"Existem três tipos de pessoas: as que estão em cima, as que estão embaixo e as que caem."
Esta sentença abre um dos filmes mais comentados da Netflix nos últimos dias. Uns odiaram (geralmente, por não terem entendido), outros amaram (geralmente, por terem entendido muito bem).
Trata-se de O Poço, um drama distópico espanhol realizado no ano passado que prenunciou discussões impostas aos governantes, ao empresariado e à sociedade por causa da pandemia de coronavírus.
Dirigida por Galder Gaztelu-Urrutia, a história tem ecos de O Expresso do Amanhã (2013), a versão do cineasta sul-coreano Bong Joon-ho para a história em quadrinhos francesa O Perfura Neve, na qual o que restou da humanidade está confinado em um trem – a elite nos vagões da frente, bem assistida, os pobres apinhados nos demais. O Poço também reverbera outra obra do mesmo diretor, o oscarizado Parasita (2019), tanto por misturar humor com brutalidade quanto por encenar duelos de sobrevivência para os quais os ricos nem dão bola.
No filme espanhol, Goreng (interpretado por Iván Massagué) desperta em um estranho presídio vertical, que funciona como uma metáfora nada sutil do capitalismo. São 333 níveis, cada um deles ocupado por duas pessoas – se você é bom de matemática, já percebeu que o resultado da multiplicação é 666, o número da besta. O poço do título é o local por onde chega a comida, disposta em uma ampla mesa de concreto. Quando saem da cozinha, os pratos incluem iguarias como escargot e pana cota. Já antes do nível 50, restam apenas carcaças, um punhado de arroz e umas gotinhas de vinho, talvez uma maçã escondida. Dali em diante, a miséria impera.

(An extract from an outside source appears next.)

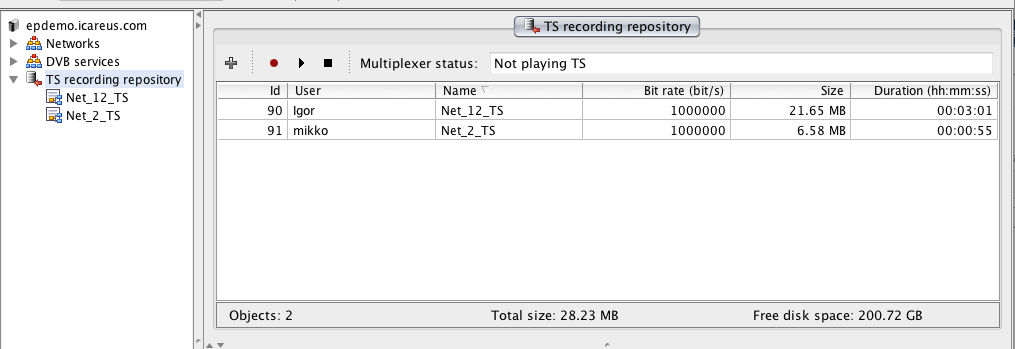 Icareus Playout server can be used as a TS player and recorder to help in debugging or to playout pre-recorded transport stream files. Transport stream files are shown in PMC in the Recording repository. Icareus Playout server can be used as a TS player, i.e. for playing pre-recorded transport stream files to server’s ASI or IP output. Files can be uploaded to the server or recorded from Playout server’s transport stream output (multiplexer).

A associação com o mundo acuado pela covid-19 é imediata. Quem está no topo consome sem se preocupar se vai sobrar comida, álcool gel ou papel higiênico para os demais. Cada personagem representa um perfil. O cínico Trimagasi (Zorion Eguileor), por exemplo, é daqueles que simplesmente aceitam esse sistema e pegam o que conseguem para si próprio. Imoguri (Antonia San Juan) tenta provocar a solidariedade espontânea: separa dois pratos suficientes para alimentar os dois prisioneiros do andar de baixo e pede que eles façam o mesmo - ela enxerga uma verdade cristalina: o banquete servido e a riqueza gerada dão para todos, desde que a gente distribua com menos desigualdade. Lembre-se: os 26 mais ricos do planeta têm a mesma renda dos 3,8 bilhões mais pobres.
Goreng também surge como um idealista, um personagem quixotesco – não à toa, o objeto pessoal que decidiu levar para sua cela é um exemplar de Dom Quixote, e seu rosto lembra a caracterização física, pelo gravurista francês Gustave Doré (1832-1883), do cavaleiro andante criado pelo escritor espanhol Miguel de Cervantes (1547-1616). Mas o protagonista não tarda a perceber que seus moinhos de vento são muito mais perigosos e hostis. Apenas pela ameaça de punição é possível fazer com que os de cima pensem nos de baixo. Abandonados e humilhados, esses últimos, não raro, acabam recorrendo à violência.
Como romper esse mecanismo cruel? Como mudar o mundo? O Poço sugere um caminho, que passa por mandar uma mensagem para quem ocupa os lugares mais altos na pirâmide social, mostra que, durante a pandemia, sacrifícios serão necessários para proteger o que temos de mais importante – a vida. Mas deixa seu final em aberto. Cabe a nós decidirmos.